According to Taye, the military officers in charge—his boss was a major-general—couldn’t understand what the engineers reporting to them were talking about. Handed a technical report, they would just reply “Go on! No problem!” he said. Anyone who insisted on a quality control issue risked being accused of membership in the Oromo Liberation Front, at the time listed as a terrorist organization.
Many of those officers—and of the military’s top brass in general—were Tigrayans. By now, Mekele feels like a fortress for a government in exile, with Tigrayan ex-government officials and Metec executives frequenting the local Planet Hotel, and some spending evenings at the Mountain Lounge bar downtown.
At the hotel, an army major describing himself as one of Metec’s founders fiercely disputed accusations of incompetence and waste. He cited the dam’s expanded hydro-power design as proof of the company’s technical abilities. His friend, a Metec colonel with a baseball cap pulled low over his face, had just stopped in. He said he was wanted by police in Addis Ababa and was hiding in the bush outside Mekele. He came to the hotel to shower and brush his teeth.
Delays and technical difficulties arise in large infrastructure projects all over the world, said the colonel. “In my view, it was a blindly political decision” to remove Metec, and one designed to discredit Tigrayans in the former government and military, he said. Neither officer wanted to be named, for fear of repercussions from the capital.
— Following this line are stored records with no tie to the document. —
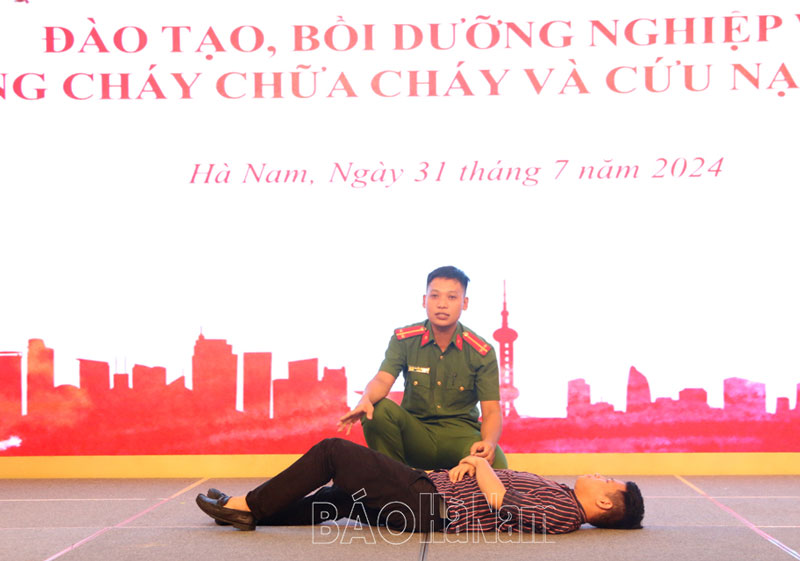 Chiều 31/7, Phòng Cảnh sát Phòng cháy, chữa cháy và cứu nạn, cứu hộ (PCCC&CNCH), Công an tỉnh phối hợp với Khách sạn Vicom Plaza Phủ Lý (Melia Vinpearl Phủ Lý) tổ chức tập huấn nghiệp vụ công tác PPCC&CNCH cho gần 100 cán bộ, nhân viên khách sạn.
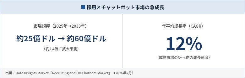 グローバルでは、採用特化型チャットボット市場が急拡大しています。
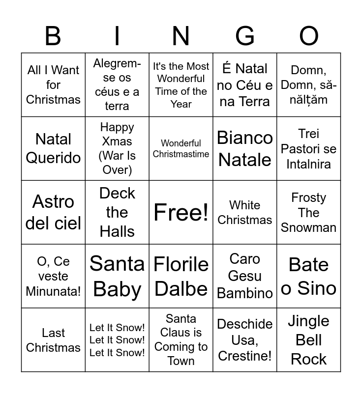 This bingo card has a free space and 29 words: Last Christmas, Rudolph The Red Nosed Reindeer, Deck the Halls, It's Beginning To Look A Lot Like Christmas, All I Want for Christmas, It's the Most Wonderful Time of the Year, Happy Xmas (War Is Over), Santa Baby, White Christmas, Let It Snow! Let It Snow! Let It Snow!, Frosty The Snowman, Jingle Bell Rock, Santa Claus is Coming to Town, Deschide Usa, Crestine!, Trei Pastori se Intalnira, Afara Ninge Linistit, Florile Dalbe, O, Ce veste Minunata!, Domn, Domn, să-nălțăm, Astro del ciel, Caro Gesu Bambino, Tu scendi dalle stele, Bianco Natale, Natal Querido, É Natal no Céu e na Terra, Alegrem-se os céus e a terra, Bate o Sino, Wonderful Christmastime and Vive le Vent.
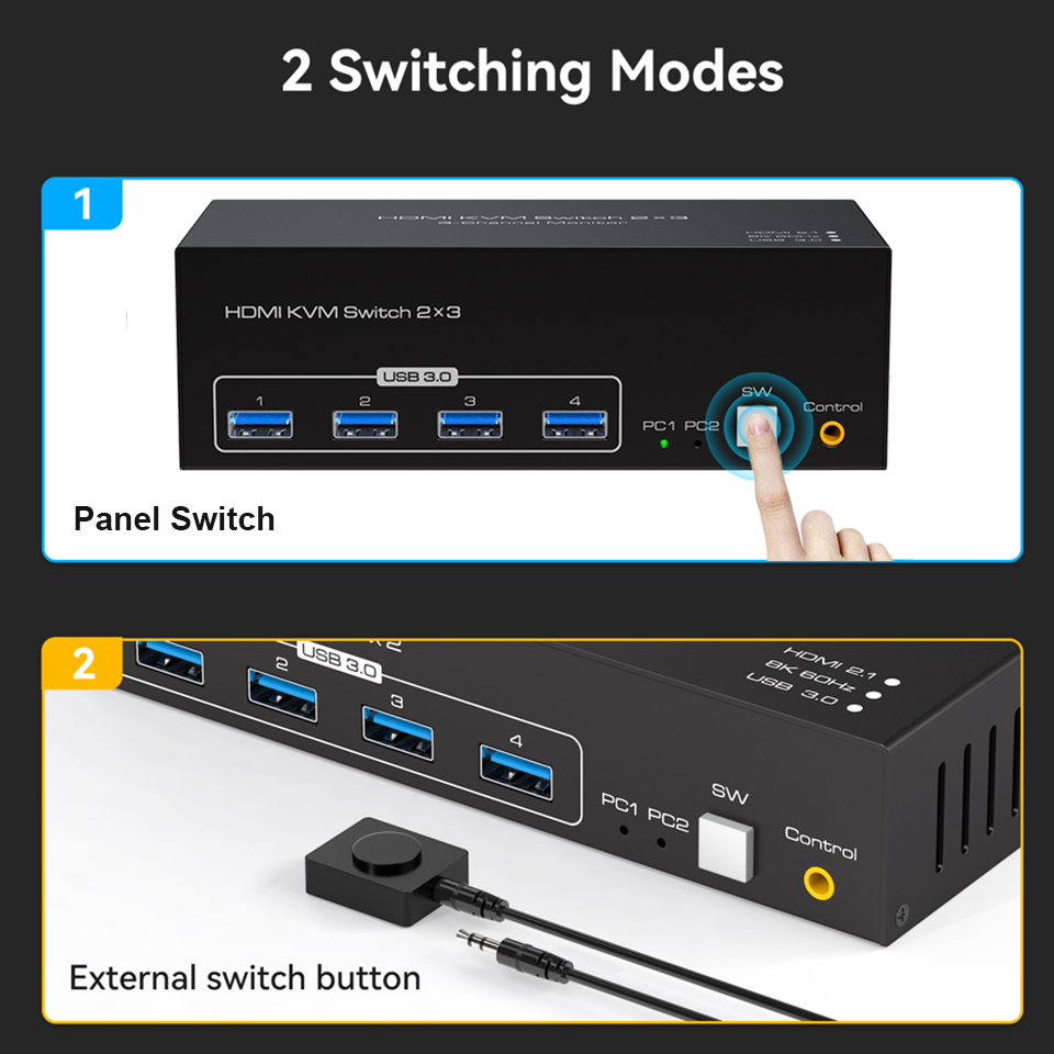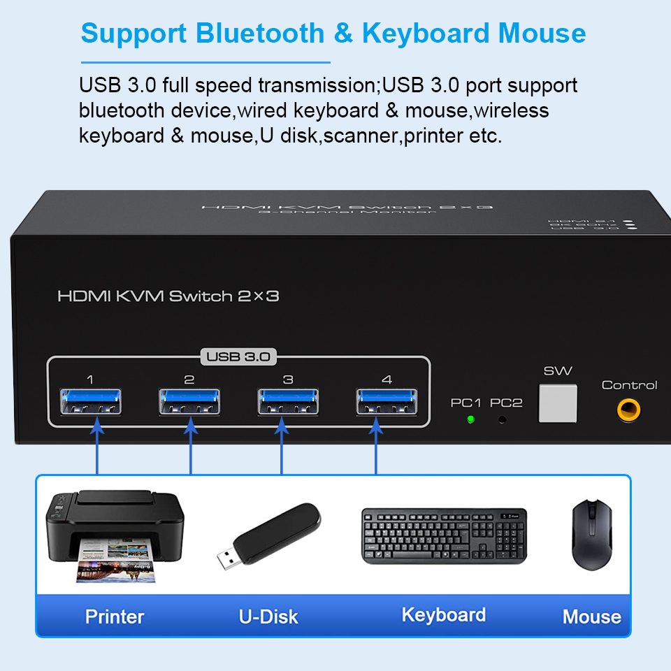 1080P при 240 Гц и вниз. 2 компьютер 3 Монитора KVM-переключатель поддерживает стандарты HDMI 2,1 и HDCP 2,3.

Getachew Reda, a Planet Hotel resident and politburo member in the fragmenting coalition of ethnically based parties that has ruled Ethiopia since 1991, was to be found at the Mountain Lounge. A huge bottle of Johnny Walker Black Label whisky was draining fast on the shared table. At one point he was pulled away to dance to the Tigrayan fighting song and anthem, “We Shall Overcome.”
The break-up of Metec was also about ethnic politics, according to Getachew. Of the 14 Metec officers charged with corruption, a majority are Tigrayan. “An ethnic purge is taking place, that much I can tell you,” he said.
Membere Mekonnen doesn’t concern herself with such high politics. She just remembers how Simegnew’s cell phone rang without pause the day before he died, leaving him without a moment to talk to his younger son, 16, and daughter, 9. He was depressed and clearly under immense pressure that night, but he didn’t kill himself, she insists, dismissing a police statement that he had left behind a note. Police also said he called his secretary before he died, asking her to “take care of my children.”
According to the police, Simegnew shot himself with his own gun because of pressure over delays in the dam’s construction and the emerging fact that Metec had spent more of the nation’s money than its progress could justify. He didn’t die immediately. The police said they broke a window in the attempt to get him out. In his note, according to police, Simegnew said he wanted to leave the country, but was worried he couldn’t explain himself to the Ethiopian people.
Membere is waiting for her daughter, Simegnew’s estranged wife, to secure asylum in Canada, after which the children will be sent to join her. Theirs hasn’t been an easy story. Their mother left home and, before he died, their father was so busy with dam business he sometimes left them waiting in vain after promising to visit.
“He loved that dam more than his children, because he thought it would change Ethiopia,” Membere said. Like so many others, she never questions the value or necessity of the dam itself. “We lost a hero.”